Arthur Dorros (born Washington, DC, 1950) writes and illustrates books for children. His books include Abuela and Ten Go Tango. Children can visit his website at: http://www.arthurdorros.com/
Tom Feelings (born Brooklyn, New York, 1933; died Mexico, August 25, 2003) wrote and illustrated books for children. Moja Means One: Swahili Counting Book received a 1972 Caldecott Honor Award, and Jambo Means Hello: A Swahili Alphabet Book earned a 1975 Caldecott Honor Award. Something on My Mind received a 1979 Coretta Scott King Honor Award for Illustration. His book Soul Looks Back in Wonder received a 1994 Jane Addams Honor Award and a 1994 Coretta Scott King Award for Illustration. The Middle Passage, perhaps his most known book, earned a 1996 Special Commendation from the Jane Addams Award Committee. Children can learn more at: http://www.bookologymagazine.com/resources/authors-emeritus/feelings-tom/
Lorraine Hansberry (born Chicago, Illinois, 1930; died New York, New York, January 12, 1965) was a playwright. One of her most famous works is A Raisin in the Sun.
Malcolm X (born Malcolm Little in Omaha, Nebraska, 1925; assassinated in New York, New York, February 21, 1965) was a civil rights activist. Idea: Children could locate more information on Malcolm X. They could predict what might have happened if he had not been killed.
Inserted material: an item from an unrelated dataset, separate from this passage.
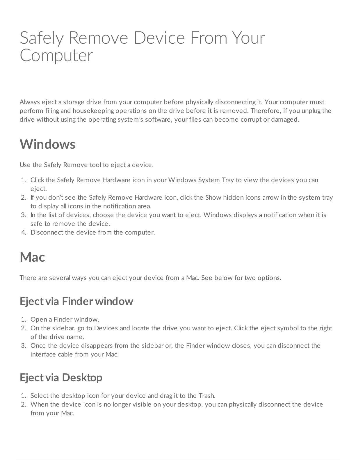 perform filing and housekeeping operations on the drive before it is removed. Therefore, if you unplug the

Sarah Miriam Peale (born Philadelphia, Pennsylvania, 1800; Philadelphia, Pennsylvania, February 4, 1885) painted portraits and still lifes.. She was a member of the famous Peale family. Children could see some of her works at: http://www.the-athenaeum.org/art/list.php?m=a&s=du&aid=1268. Idea: Children could make a family tree of the Peales. Did any offspring of the next generation become artists?
Elise Primavera (born West Long Branch, New Jersey, 1954) illustrates and writes books for children. Her books include the Fred and Anthony series and Auntie Claus. Children can learn more at her website: http://www.eliseprimavera.com/.
Francis R. Scobee (born Cle Elum, West Virginia, 1939; died in Challenger explosion, January 28, 1986) was the commander of the Challenger.